Le Syndicat des travailleuses et travailleurs des Épiciers unis Metro-Richelieu–CSN déplore que Metro ait rejeté la contre-offre syndicale déposée aujourd’hui. Après avoir vu ses dernières propositions être rejetées à 95 % par les membres la semaine dernière, l’employeur persiste à faire la sourde oreille plutôt que de répondre aux revendications légitimes de celles et ceux qui assurent chaque jour le bon fonctionnement de ses opérations.
« Notre contre-offre d’aujourd’hui visait justement à rapprocher les parties. En la refusant aussi cavalièrement, Metro refuse une fois de plus de reconnaître la valeur de ses travailleuses et de ses travailleurs. Nous savons que Metro a les moyens de répondre à nos demandes financières.
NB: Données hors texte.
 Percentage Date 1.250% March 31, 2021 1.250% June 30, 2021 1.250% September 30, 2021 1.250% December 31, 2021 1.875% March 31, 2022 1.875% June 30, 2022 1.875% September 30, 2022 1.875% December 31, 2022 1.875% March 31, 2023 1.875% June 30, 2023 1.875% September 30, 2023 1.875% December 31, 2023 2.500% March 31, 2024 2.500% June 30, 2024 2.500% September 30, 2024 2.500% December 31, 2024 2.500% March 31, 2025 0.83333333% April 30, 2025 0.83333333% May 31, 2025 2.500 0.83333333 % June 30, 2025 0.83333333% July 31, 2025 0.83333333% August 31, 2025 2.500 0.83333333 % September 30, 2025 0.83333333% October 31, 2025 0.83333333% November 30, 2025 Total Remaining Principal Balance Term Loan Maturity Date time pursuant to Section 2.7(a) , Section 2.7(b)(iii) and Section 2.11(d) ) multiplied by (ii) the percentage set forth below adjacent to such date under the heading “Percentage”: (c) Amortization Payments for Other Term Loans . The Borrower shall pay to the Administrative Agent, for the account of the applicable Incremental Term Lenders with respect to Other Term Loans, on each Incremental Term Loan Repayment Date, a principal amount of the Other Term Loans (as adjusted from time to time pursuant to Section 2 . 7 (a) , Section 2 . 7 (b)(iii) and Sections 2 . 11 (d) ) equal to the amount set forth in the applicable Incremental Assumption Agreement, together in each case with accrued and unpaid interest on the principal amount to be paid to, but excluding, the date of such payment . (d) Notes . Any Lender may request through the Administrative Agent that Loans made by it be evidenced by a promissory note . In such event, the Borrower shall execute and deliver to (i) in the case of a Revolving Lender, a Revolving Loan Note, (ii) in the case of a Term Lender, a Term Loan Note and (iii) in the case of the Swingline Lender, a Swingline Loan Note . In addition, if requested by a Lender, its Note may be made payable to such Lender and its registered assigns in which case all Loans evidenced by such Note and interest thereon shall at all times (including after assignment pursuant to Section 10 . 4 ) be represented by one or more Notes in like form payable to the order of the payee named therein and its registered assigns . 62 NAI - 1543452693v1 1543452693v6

Depuis 2019, notre salaire a augmenté de 11 % alors que le chiffre d’affaires de Metro a augmenté de 28 %, leurs profits de 39 %, les dividendes versés aux actionnaires de plus de 56 % et le salaire de l’ancien PDG Éric LaFlèche, d’au moins 37 %. En agissant ainsi, il est le seul responsable de ce conflit qui s’éternise », affirme le président du syndicat, Matthieu Lafontaine.
Rappelons que les salarié-es sont en grève depuis maintenant 13 semaines pour obtenir une convention collective qui protège leur pouvoir d’achat. Alors que Metro continue d’engranger des profits importants, rien ne justifie son refus de faire les compromis nécessaires pour parvenir à une entente négociée.
Une plainte à l’endroit de Metro a d’ailleurs été déposée en mai auprès du Tribunal administratif du travail pour utilisation de briseurs de grève, entrave et ingérence dans les activités syndicales. La CSN et le syndicat représentant les 550 salarié-es du centre de distribution de Laval, du siège social et de l’entrepôt Mérite 1 reprochent à l’entreprise d’avoir eu recours à de nombreux briseurs de grève, en plus d’avoir recours à des agences de placement et autres sous-traitants, pour effectuer le travail de ses employé-es.
« Nous sommes toujours prêts à négocier sérieusement. La balle est dans le camp de Metro. Plus l’employeur s’entête, plus il prolonge inutilement un conflit qu’il a les moyens de régler », conclut M. Lafontaine.